Task objective | Excluding pictures, what does the listing below contain from the line with "ETF 方面,智能汽车 ETF(159880)大涨 4.35%,领涨整个基金市场。" up to and including the line with "Vista de la", word for word?

Provided records |
+===+

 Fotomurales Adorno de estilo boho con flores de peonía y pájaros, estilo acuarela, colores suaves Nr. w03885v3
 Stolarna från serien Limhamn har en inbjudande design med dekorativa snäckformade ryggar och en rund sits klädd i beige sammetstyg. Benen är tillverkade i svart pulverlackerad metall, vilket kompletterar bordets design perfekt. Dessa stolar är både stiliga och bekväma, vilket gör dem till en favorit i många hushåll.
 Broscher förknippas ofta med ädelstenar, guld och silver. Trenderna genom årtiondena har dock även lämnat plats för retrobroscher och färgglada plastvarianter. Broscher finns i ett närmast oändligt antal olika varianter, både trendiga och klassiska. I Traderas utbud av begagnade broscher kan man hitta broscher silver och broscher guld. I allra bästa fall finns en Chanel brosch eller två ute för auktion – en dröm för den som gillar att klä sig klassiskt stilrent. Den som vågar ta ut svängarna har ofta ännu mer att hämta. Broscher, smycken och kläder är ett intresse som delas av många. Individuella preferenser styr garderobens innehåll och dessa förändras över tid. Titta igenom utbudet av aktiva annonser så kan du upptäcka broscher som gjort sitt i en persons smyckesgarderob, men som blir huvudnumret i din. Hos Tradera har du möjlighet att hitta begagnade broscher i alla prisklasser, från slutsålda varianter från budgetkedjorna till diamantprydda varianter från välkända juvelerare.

+===+

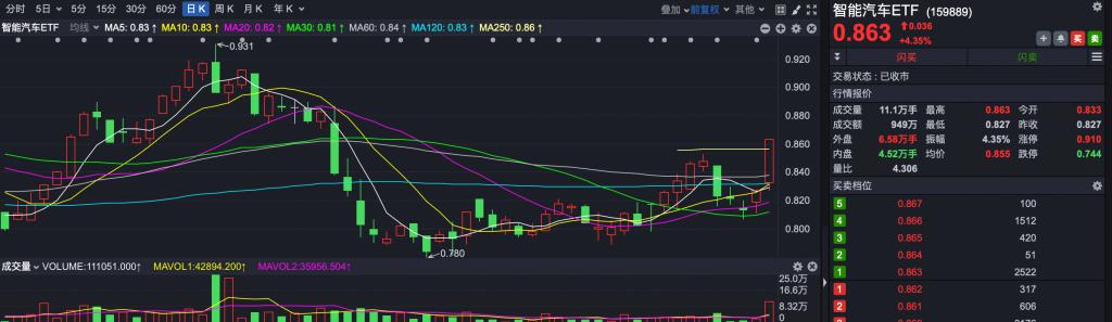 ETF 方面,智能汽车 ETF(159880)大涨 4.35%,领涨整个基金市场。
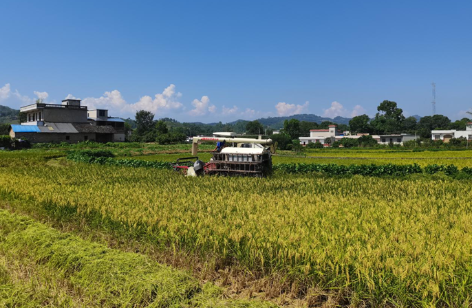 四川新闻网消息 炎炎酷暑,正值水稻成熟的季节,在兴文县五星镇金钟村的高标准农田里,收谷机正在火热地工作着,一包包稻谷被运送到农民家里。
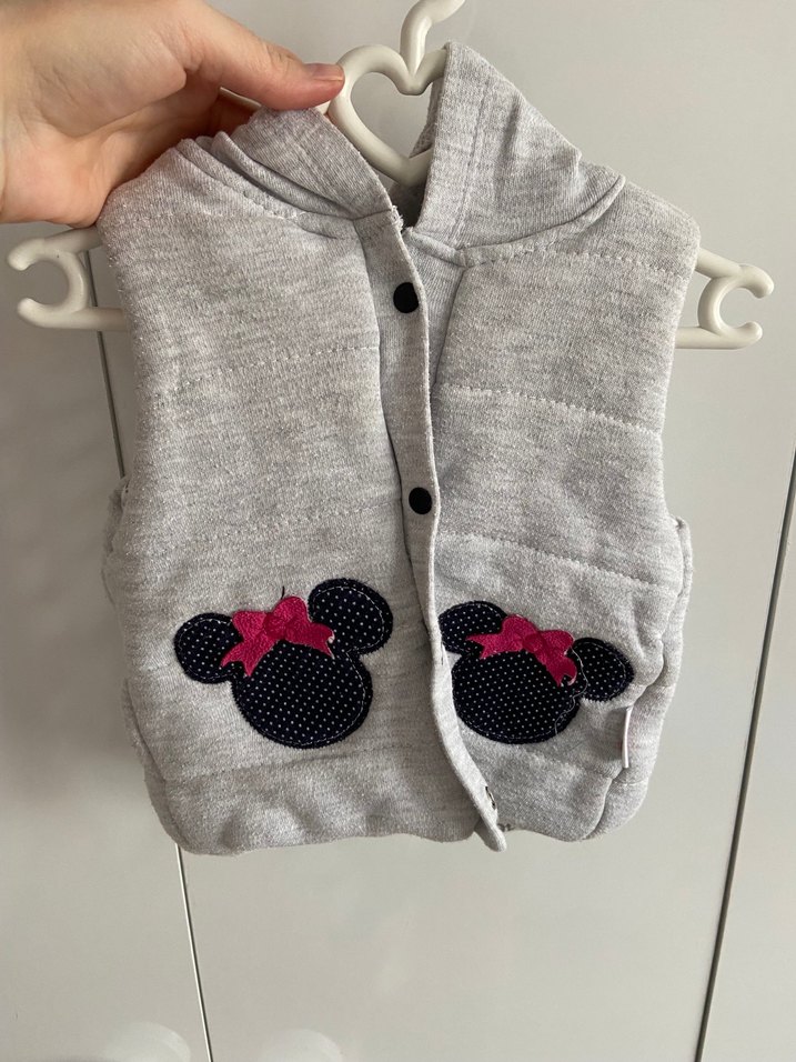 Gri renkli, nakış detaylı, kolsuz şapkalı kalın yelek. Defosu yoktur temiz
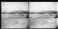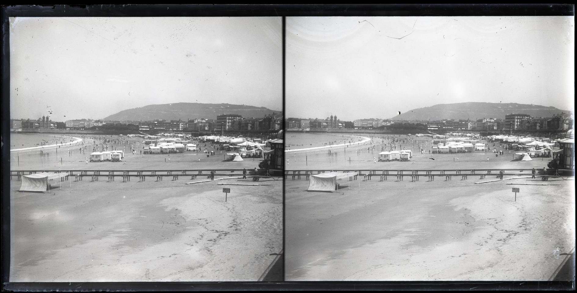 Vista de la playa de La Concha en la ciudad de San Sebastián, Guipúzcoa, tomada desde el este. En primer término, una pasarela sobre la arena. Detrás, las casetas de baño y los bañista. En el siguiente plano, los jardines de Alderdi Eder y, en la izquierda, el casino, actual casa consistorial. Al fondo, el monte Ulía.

+===+

Finished task |
 ETF 方面,智能汽车 ETF(159880)大涨 4.35%,领涨整个基金市场。
 四川新闻网消息 炎炎酷暑,正值水稻成熟的季节,在兴文县五星镇金钟村的高标准农田里,收谷机正在火热地工作着,一包包稻谷被运送到农民家里。
 Gri renkli, nakış detaylı, kolsuz şapkalı kalın yelek. Defosu yoktur temiz
 Vista de la playa de La Concha en la ciudad de San Sebastián, Guipúzcoa, tomada desde el este. En primer término, una pasarela sobre la arena. Detrás, las casetas de baño y los bañista. En el siguiente plano, los jardines de Alderdi Eder y, en la izquierda, el casino, actual casa consistorial. Al fondo, el monte Ulía.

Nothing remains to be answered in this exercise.